Dataset records: Begin
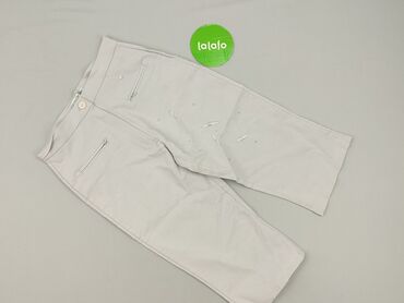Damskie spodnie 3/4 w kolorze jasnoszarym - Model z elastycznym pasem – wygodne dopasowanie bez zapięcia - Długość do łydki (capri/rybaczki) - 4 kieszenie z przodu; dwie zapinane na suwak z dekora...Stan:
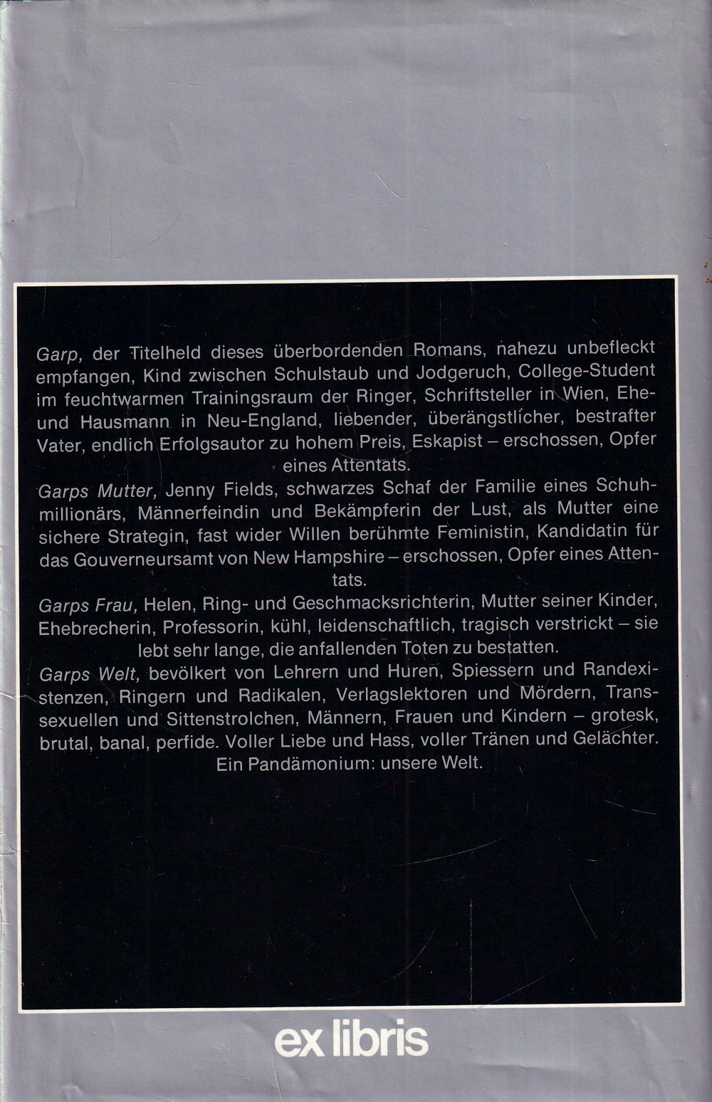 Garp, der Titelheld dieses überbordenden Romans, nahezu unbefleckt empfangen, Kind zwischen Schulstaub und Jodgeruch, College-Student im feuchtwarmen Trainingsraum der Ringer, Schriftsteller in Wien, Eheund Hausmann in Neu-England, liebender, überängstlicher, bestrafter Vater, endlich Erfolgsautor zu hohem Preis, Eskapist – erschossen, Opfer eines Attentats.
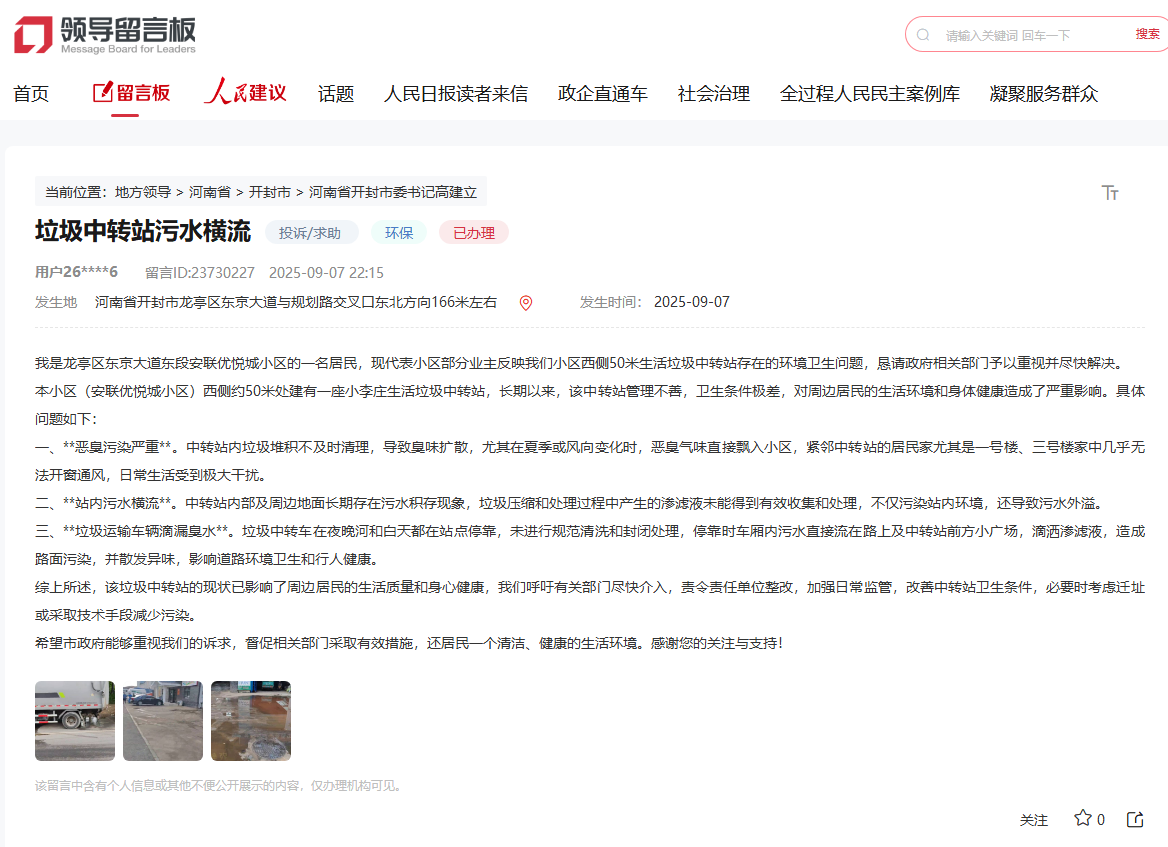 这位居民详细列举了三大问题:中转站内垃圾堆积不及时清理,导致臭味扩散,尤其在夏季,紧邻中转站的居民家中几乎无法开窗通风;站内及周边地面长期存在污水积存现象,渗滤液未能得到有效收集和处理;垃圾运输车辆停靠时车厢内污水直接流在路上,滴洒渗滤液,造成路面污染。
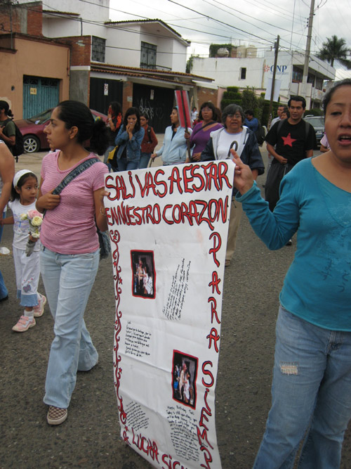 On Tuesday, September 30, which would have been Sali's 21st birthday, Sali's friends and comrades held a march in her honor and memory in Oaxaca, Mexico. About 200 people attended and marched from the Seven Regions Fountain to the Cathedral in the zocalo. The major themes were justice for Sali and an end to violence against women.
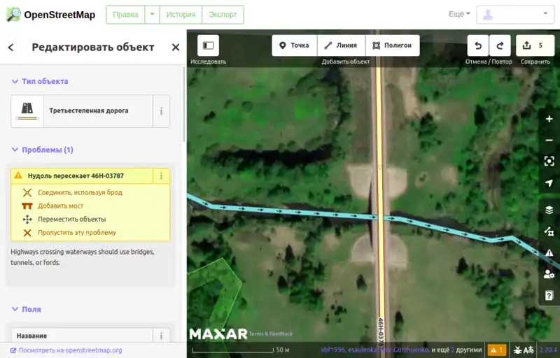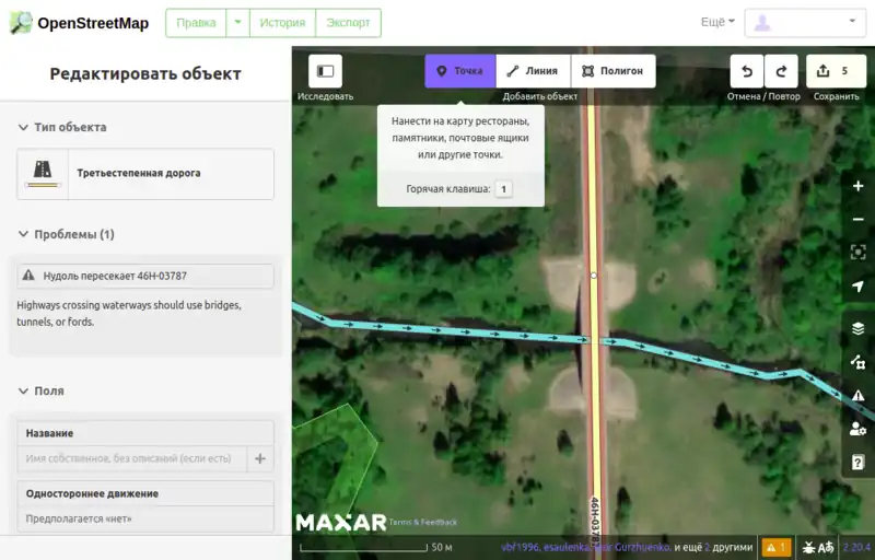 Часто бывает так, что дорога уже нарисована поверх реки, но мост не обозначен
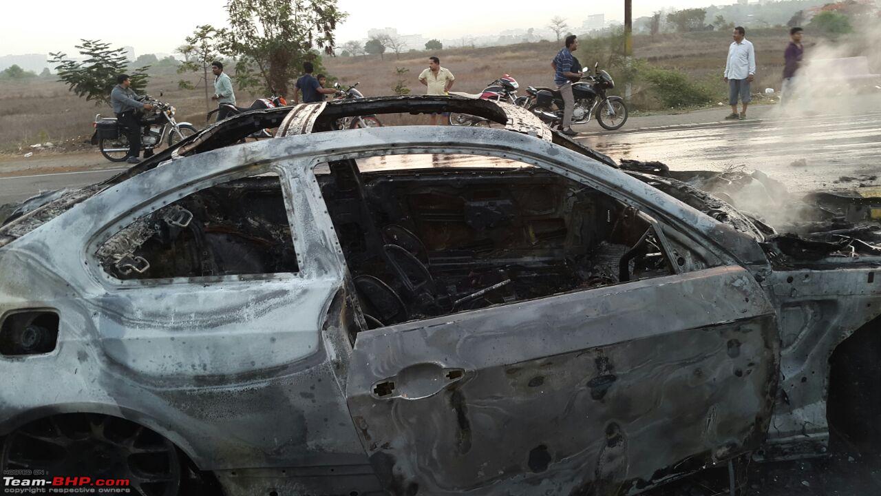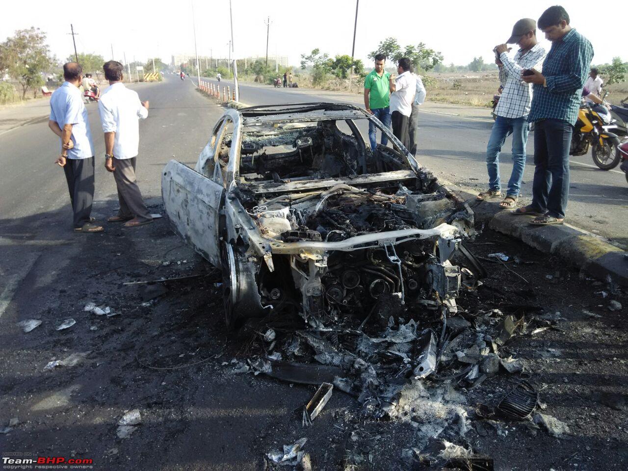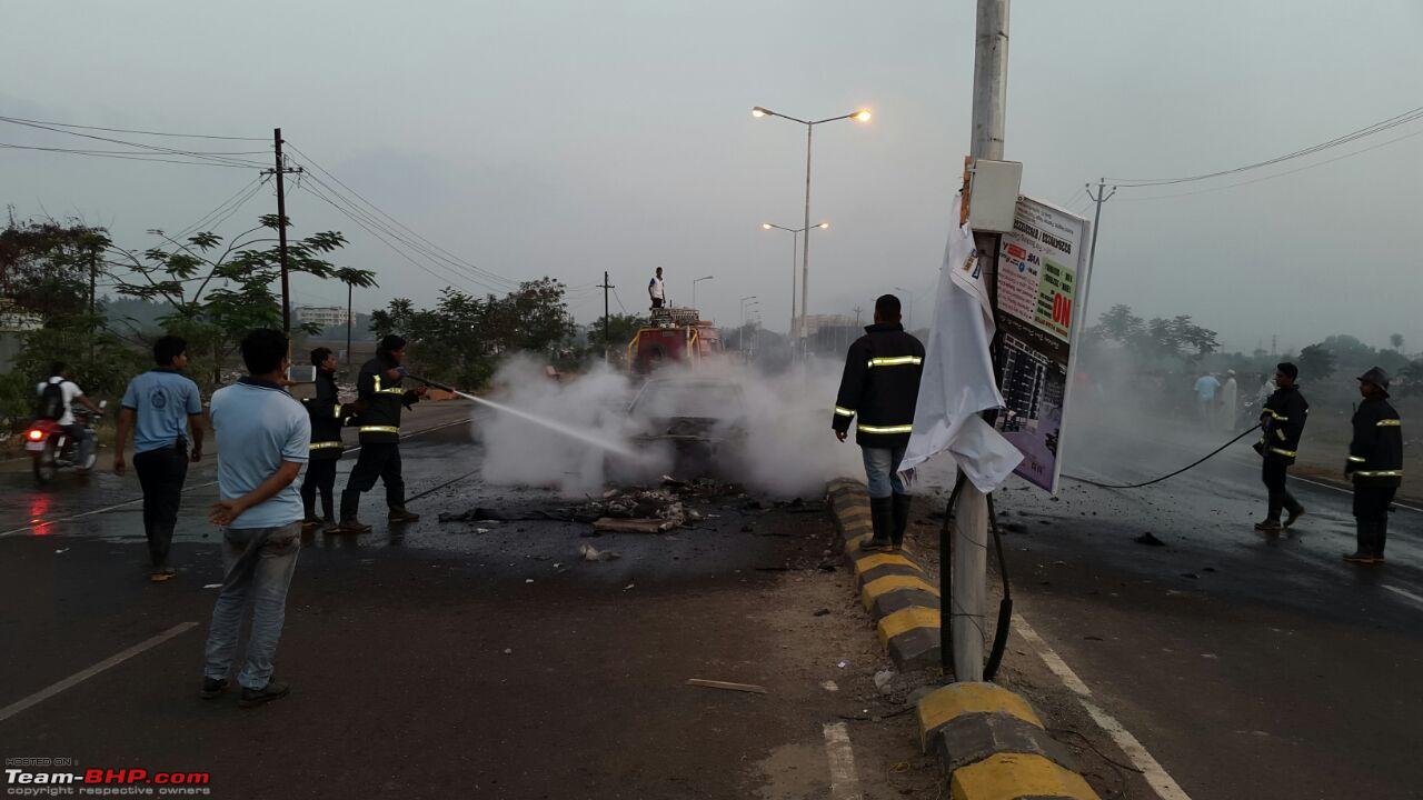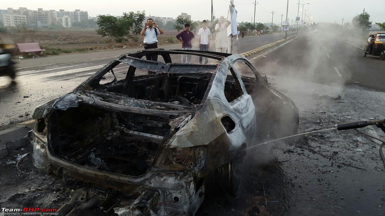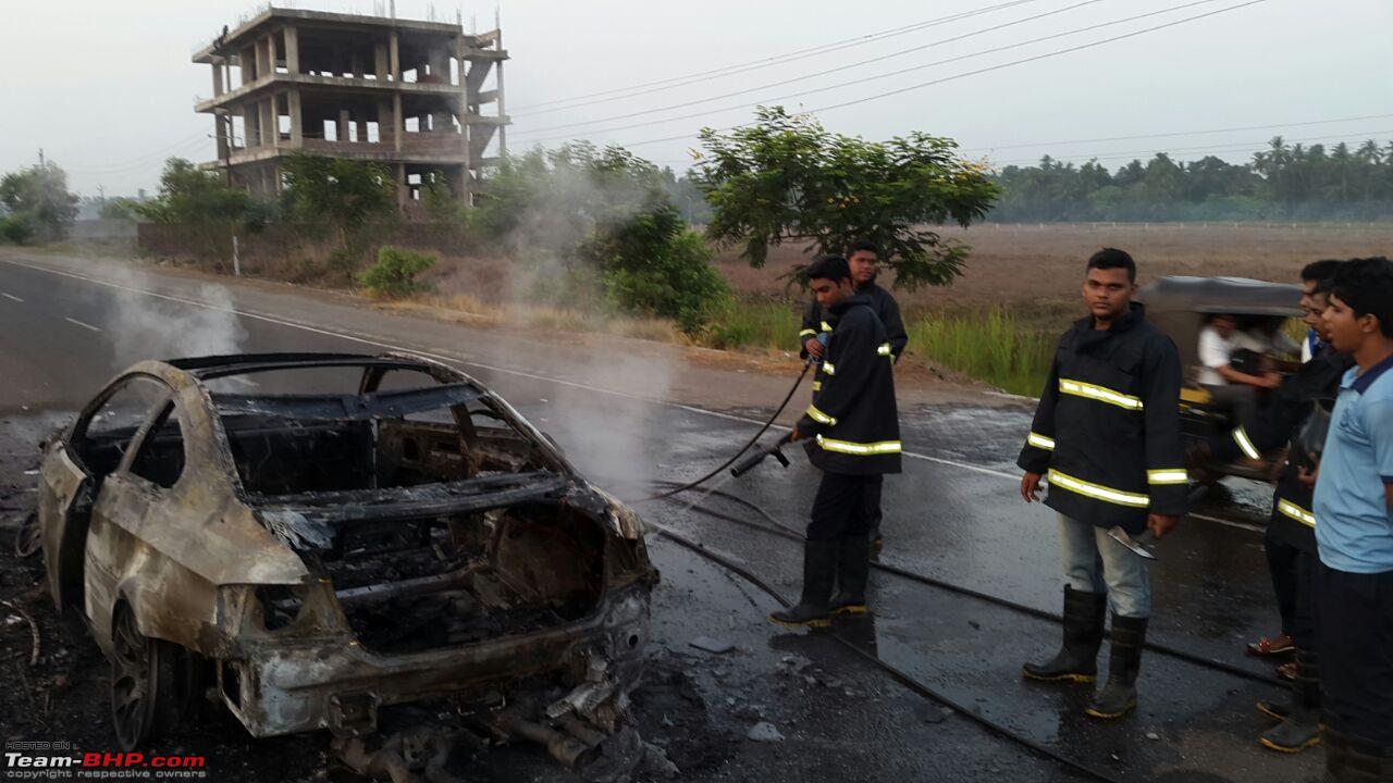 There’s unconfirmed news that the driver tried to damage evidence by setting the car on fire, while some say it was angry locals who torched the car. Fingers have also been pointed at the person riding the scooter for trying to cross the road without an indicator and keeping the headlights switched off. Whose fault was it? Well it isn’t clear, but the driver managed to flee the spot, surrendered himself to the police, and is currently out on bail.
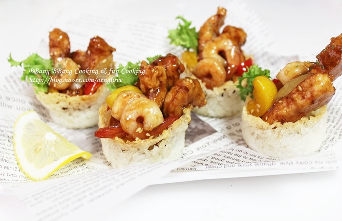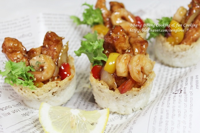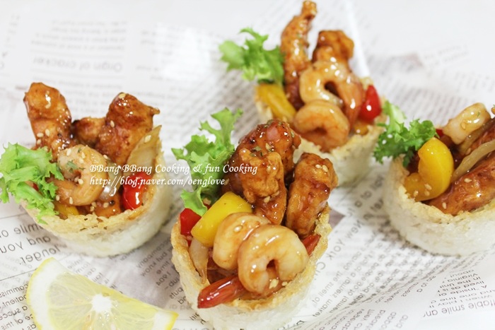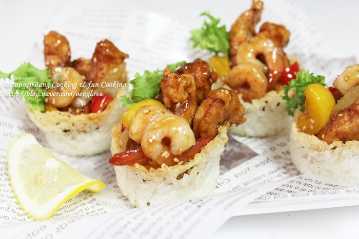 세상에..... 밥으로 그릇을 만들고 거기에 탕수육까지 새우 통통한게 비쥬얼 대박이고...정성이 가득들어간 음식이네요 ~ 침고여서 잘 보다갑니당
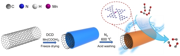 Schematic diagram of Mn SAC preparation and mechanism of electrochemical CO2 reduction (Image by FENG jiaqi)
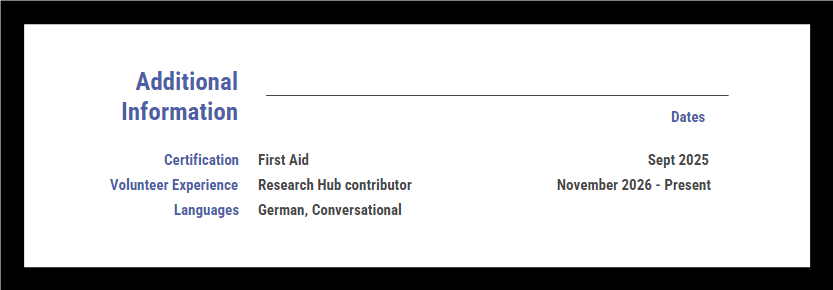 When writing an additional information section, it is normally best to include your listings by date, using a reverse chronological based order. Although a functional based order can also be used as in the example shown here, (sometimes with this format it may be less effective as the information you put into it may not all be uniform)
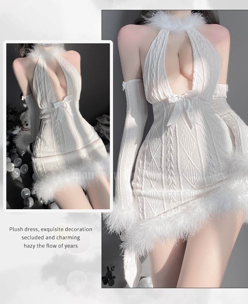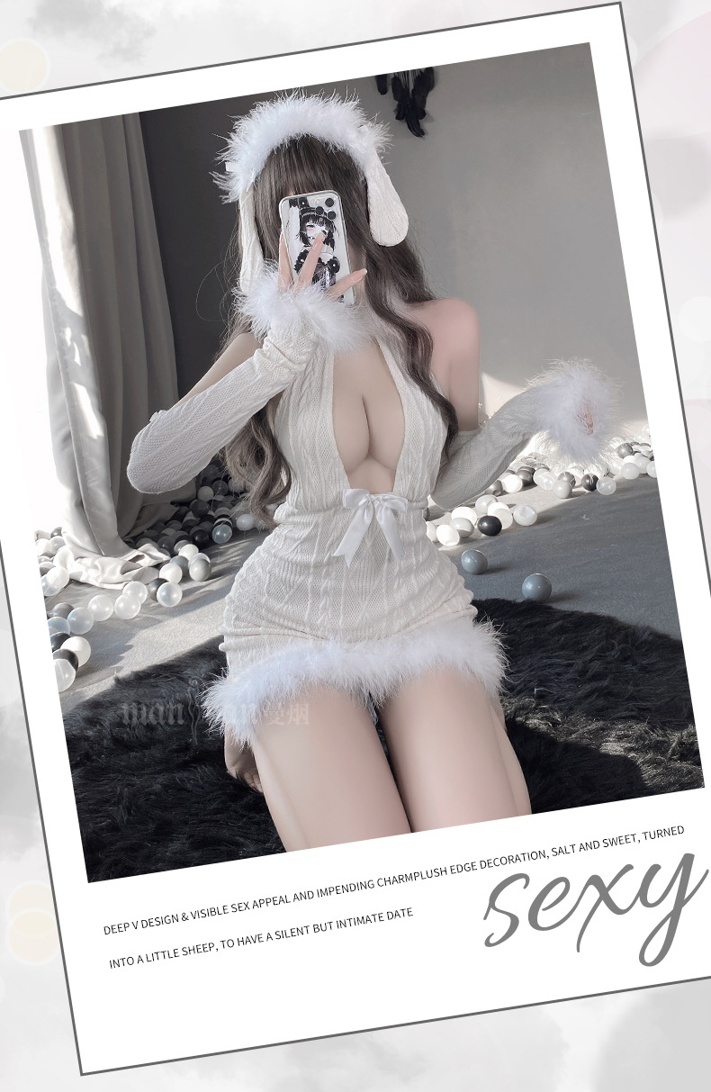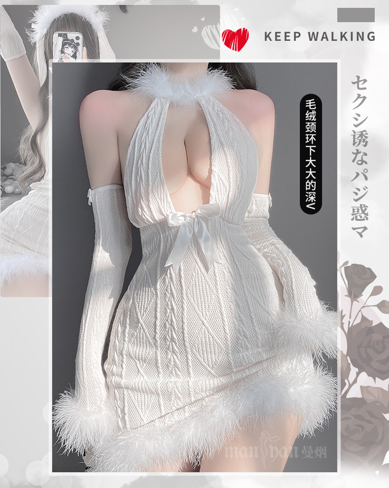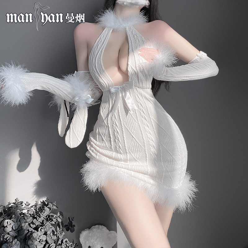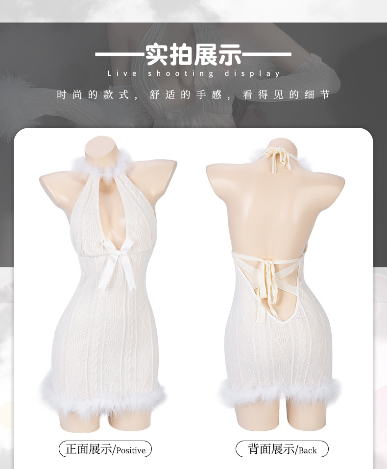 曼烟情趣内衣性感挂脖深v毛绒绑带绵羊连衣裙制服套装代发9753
Dataset records: End
_Activity:_ Beginning at the line that contains "On Tuesday, September" and ending at the last line of the data, return each line exactly; no picture belongs in the copy.

_Solution to this problem:_
 On Tuesday, September 30, which would have been Sali's 21st birthday, Sali's friends and comrades held a march in her honor and memory in Oaxaca, Mexico. About 200 people attended and marched from the Seven Regions Fountain to the Cathedral in the zocalo. The major themes were justice for Sali and an end to violence against women.
 Часто бывает так, что дорога уже нарисована поверх реки, но мост не обозначен
 There’s unconfirmed news that the driver tried to damage evidence by setting the car on fire, while some say it was angry locals who torched the car. Fingers have also been pointed at the person riding the scooter for trying to cross the road without an indicator and keeping the headlights switched off. Whose fault was it? Well it isn’t clear, but the driver managed to flee the spot, surrendered himself to the police, and is currently out on bail.
 세상에..... 밥으로 그릇을 만들고 거기에 탕수육까지 새우 통통한게 비쥬얼 대박이고...정성이 가득들어간 음식이네요 ~ 침고여서 잘 보다갑니당
 Schematic diagram of Mn SAC preparation and mechanism of electrochemical CO2 reduction (Image by FENG jiaqi)
 When writing an additional information section, it is normally best to include your listings by date, using a reverse chronological based order. Although a functional based order can also be used as in the example shown here, (sometimes with this format it may be less effective as the information you put into it may not all be uniform)
 曼烟情趣内衣性感挂脖深v毛绒绑带绵羊连衣裙制服套装代发9753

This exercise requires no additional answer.